About this task
An exact transcription of every record is needed, leaving out the pictures.

-------

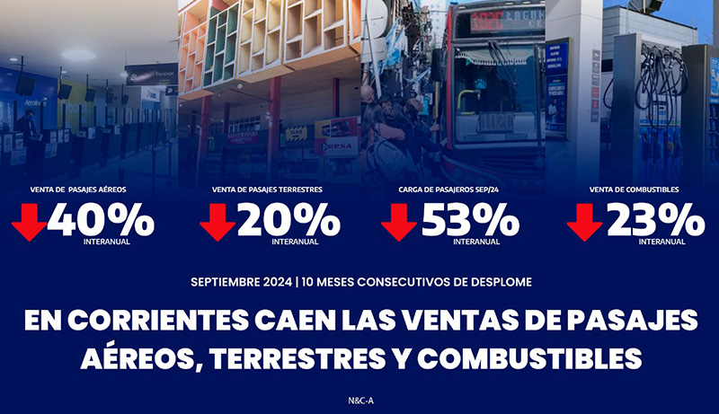Al cierre del tercer trimestre de 2024, los datos muestran bruscas caídas en la venta de Pasaje Aéreos y Pasajes Terrestres, desde la Capital correntina con destinos internos y nacionales.
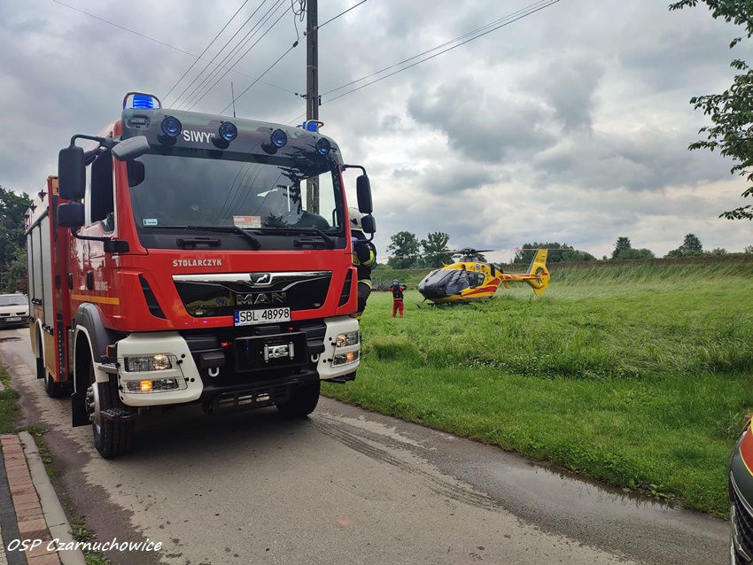 8 czerwca około godziny 14:20 dyżurny SK KM PSP Tychy otrzymał zgłoszenie z prośbą o zabezpieczenie lądowiska dla śmigłowca LPR Ratownik 4 przy ul. Dyrdy w Bieruniu Czarnuchowicach. Na miejsce zadysponowane zostały zastępy OSP Czarnuchowice oraz KM PSP/JRG Tychy. Latająca karetka została zadysponowana wraz z naziemnym ZRM do pomocy 82 – letniemu mężczyźnie, który został potrącony przez samochód na terenie jednej z posesji. Poszkodowany mężczyzna trafił pod opiekę ratowników medycznych. Policjanci KPP Bieruń prowadzą dalsze postępowanie w tej sprawie.
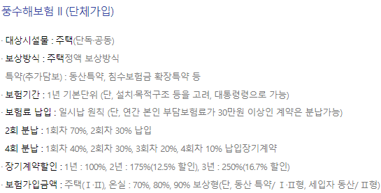 풍수해보험은 정부에서 보험료의 70% 이상을 지원하는 것으로 비율은 아래와 같습니다.
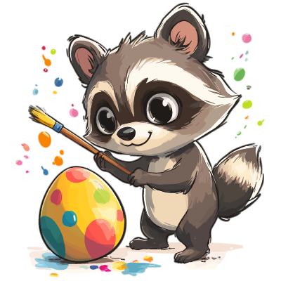 A raccoon holding a paintbrush and painting an Easter egg with colorful spots.
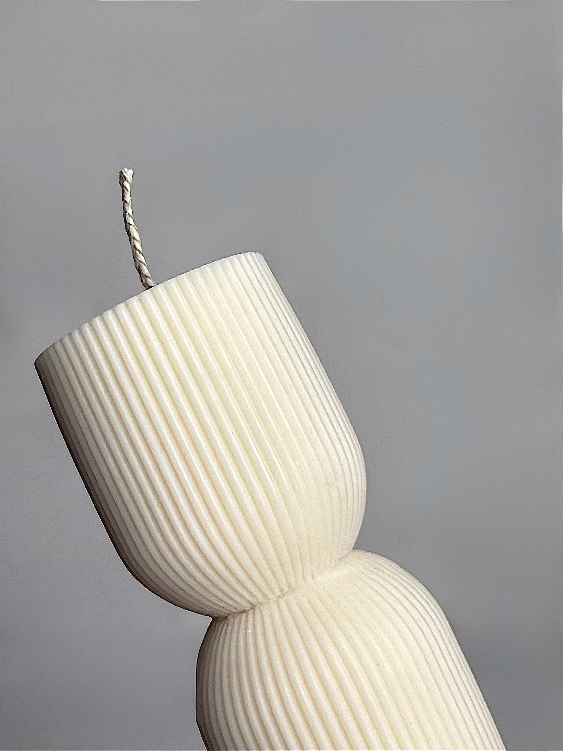 Is a candle shaped by harmony. Its dual silhouette, refined by vertical lines, evokes the grace of balance and the purity of symmetry. Minimalist yet sculptural, it stands as both an object of design and a symbol of calm strength. When lit, Houra radiates a serene glow, transforming structure into stillness — a timeless presence of light and balance.
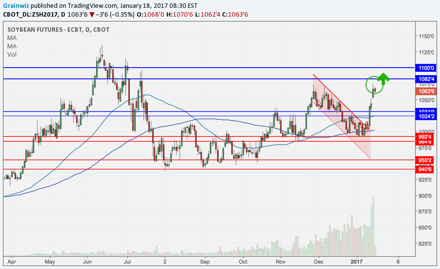 Sans surprise, le marché du soya à Chicago aura profité de l’occasion pour bondir pour députer la semaine, atteignant hier un sommet inégalé depuis juillet dernier à 10,7550 $US/boisseau sur son échéance immédiate (présentement Mars 17).
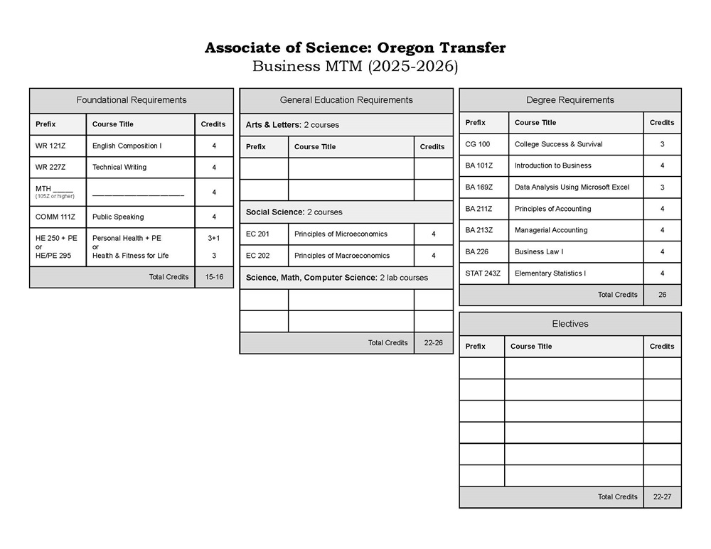 Associate of Science Transfer Business-MTM
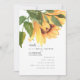Enkel höst solros bröllopsdusch inbjudan. Lövverk. Vit bakgrund.
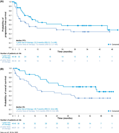 81例患者纳入研究,其中80例接受了Tafasitamab+来那度胺治疗并纳入整体分析。截至2020年10月30日(随访时间≥35个月),17例患者仍在继续Tafasitamab单药治疗。ORR为57.5%(n=46),其中完全缓解(CR)40%(n=32),部分缓解(PR)17.5%(n=14)。预估中位DoR为43.9个月(95% CI:26.1-NR),CR患者的中位DoR尚未达到(95% CI:43.9-NR);预估中位PFS为11.6个月(95% CI:6.3-45.7),预估36个月PFS率41.1%(95% CI:29.1-52.7);预估中位OS为33.5个月(95% CI:18.3-NR)。既往接受过1线和≥2线治疗患者的ORR分别为67.5%(n=27/40;CR:47.5%;PR:20.0%)和47.5%(n=19/40;CR:32.5%;PR:15.0%);预估中位DoR分别为43.9个月(95% CI:9.1-NR)和尚未达到(95% CI:15.0-NR);预估中位PFS和36个月PFS率分别为23.5个月(95% CI:7.4-NR)、47.8%(95% CI:30.2-63.4)和7.6个月(95% CI:2.7-NR)、34.3%(95% CI:18.6-50.7);预估中位OS为45.7个月(95% CI:24.6-NR)和15.5个月。治疗过程中未出现预期外毒性或新的安全性问题。最常报告的≥3级血液学TEAE为中性粒细胞减少、血小板减少、白细胞减少、贫血和粒细胞减少性发热。

-------

Output for this exercise
Al cierre del tercer trimestre de 2024, los datos muestran bruscas caídas en la venta de Pasaje Aéreos y Pasajes Terrestres, desde la Capital correntina con destinos internos y nacionales.
 8 czerwca około godziny 14:20 dyżurny SK KM PSP Tychy otrzymał zgłoszenie z prośbą o zabezpieczenie lądowiska dla śmigłowca LPR Ratownik 4 przy ul. Dyrdy w Bieruniu Czarnuchowicach. Na miejsce zadysponowane zostały zastępy OSP Czarnuchowice oraz KM PSP/JRG Tychy. Latająca karetka została zadysponowana wraz z naziemnym ZRM do pomocy 82 – letniemu mężczyźnie, który został potrącony przez samochód na terenie jednej z posesji. Poszkodowany mężczyzna trafił pod opiekę ratowników medycznych. Policjanci KPP Bieruń prowadzą dalsze postępowanie w tej sprawie.
 풍수해보험은 정부에서 보험료의 70% 이상을 지원하는 것으로 비율은 아래와 같습니다.
 A raccoon holding a paintbrush and painting an Easter egg with colorful spots.
 Is a candle shaped by harmony. Its dual silhouette, refined by vertical lines, evokes the grace of balance and the purity of symmetry. Minimalist yet sculptural, it stands as both an object of design and a symbol of calm strength. When lit, Houra radiates a serene glow, transforming structure into stillness — a timeless presence of light and balance.
 Sans surprise, le marché du soya à Chicago aura profité de l’occasion pour bondir pour députer la semaine, atteignant hier un sommet inégalé depuis juillet dernier à 10,7550 $US/boisseau sur son échéance immédiate (présentement Mars 17).
 Associate of Science Transfer Business-MTM
Enkel höst solros bröllopsdusch inbjudan. Lövverk. Vit bakgrund.
 81例患者纳入研究,其中80例接受了Tafasitamab+来那度胺治疗并纳入整体分析。截至2020年10月30日(随访时间≥35个月),17例患者仍在继续Tafasitamab单药治疗。ORR为57.5%(n=46),其中完全缓解(CR)40%(n=32),部分缓解(PR)17.5%(n=14)。预估中位DoR为43.9个月(95% CI:26.1-NR),CR患者的中位DoR尚未达到(95% CI:43.9-NR);预估中位PFS为11.6个月(95% CI:6.3-45.7),预估36个月PFS率41.1%(95% CI:29.1-52.7);预估中位OS为33.5个月(95% CI:18.3-NR)。既往接受过1线和≥2线治疗患者的ORR分别为67.5%(n=27/40;CR:47.5%;PR:20.0%)和47.5%(n=19/40;CR:32.5%;PR:15.0%);预估中位DoR分别为43.9个月(95% CI:9.1-NR)和尚未达到(95% CI:15.0-NR);预估中位PFS和36个月PFS率分别为23.5个月(95% CI:7.4-NR)、47.8%(95% CI:30.2-63.4)和7.6个月(95% CI:2.7-NR)、34.3%(95% CI:18.6-50.7);预估中位OS为45.7个月(95% CI:24.6-NR)和15.5个月。治疗过程中未出现预期外毒性或新的安全性问题。最常报告的≥3级血液学TEAE为中性粒细胞减少、血小板减少、白细胞减少、贫血和粒细胞减少性发热。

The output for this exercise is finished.